Relax and place one hand on your chest and one on your belly. As you breathe, you want to feel the majority of movement coming from the hand on your belly as it rises and then lowers again.  If you feel more movement in the chest area, that isn’t diaphragmatic breathing, but chest breathing which is much shallower. Try and focus on your belly moving out/filling up as you breathe in and then moving in/emptying when you breathe out, with little movement in the chest.  

We should breathe like this all day, every day.  If you watch a baby, they show us that we start life doing this perfectly. Then stress, tension, habits, etc., get in the way, and we become shallow breathers.  Along with shallow breathing comes sluggish lymph circulation.  So practice diaphragmatic breathing for a couple of minutes several times a day. If you feel stressed, taking a few deep breaths will help.  By increasing our awareness, we can revert to this instinctive healthy way of breathing. 

5. Don’t wear restrictive clothing

Avoid wearing restrictive clothing that can prohibit free lymph flow.
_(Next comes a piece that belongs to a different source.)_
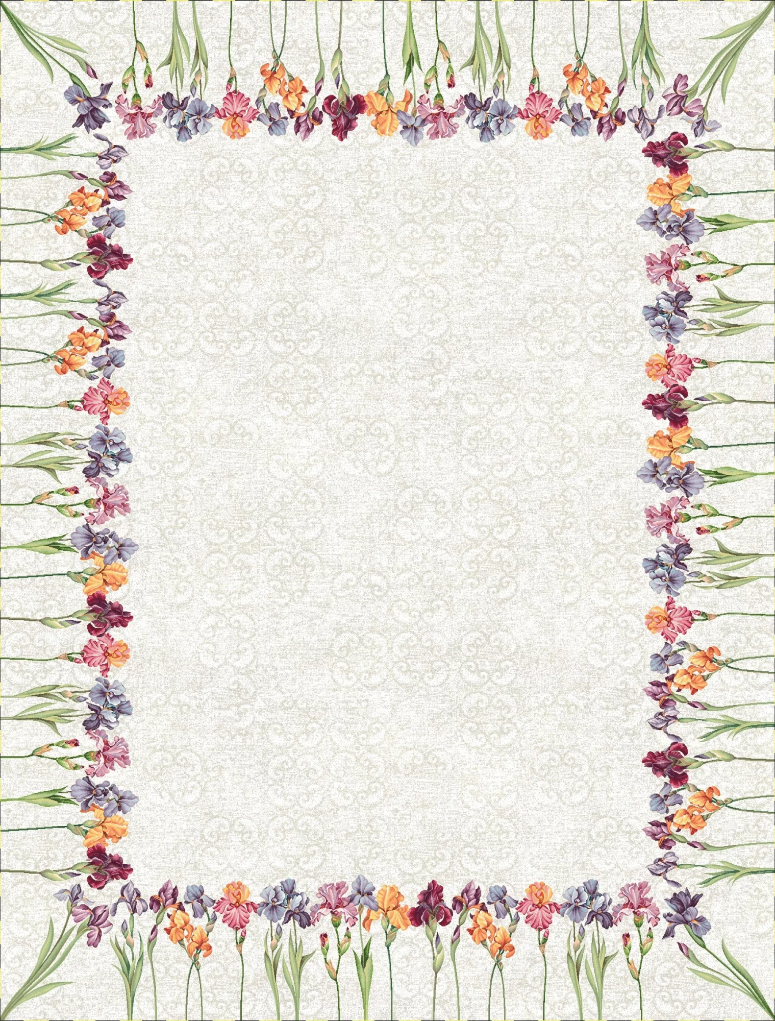 Ez a gyönyörű, gépi gobelin asztalterítő valódi éke lehet az étkeződnek. A részletgazdag, élénk színű íriszek és szegfűk keretként ölelik körbe a terítőt, míg a középső rész diszkréten mintázott háttérrel teremt harmonikus egyensúlyt.

For example, a tight waist band or tight fitting bra can affect circulation.  Whatever clothes you wear, they shouldn’t leave red marks on your skin when you take them off. If they do, they aren’t fitting well, and may be restricting lymph flow.  Make sure you have lymph-friendly clothes!

Our immune system is so key to our health. Let’s start supporting it by using these strategies to improve lymph circulation. Which one will you start with?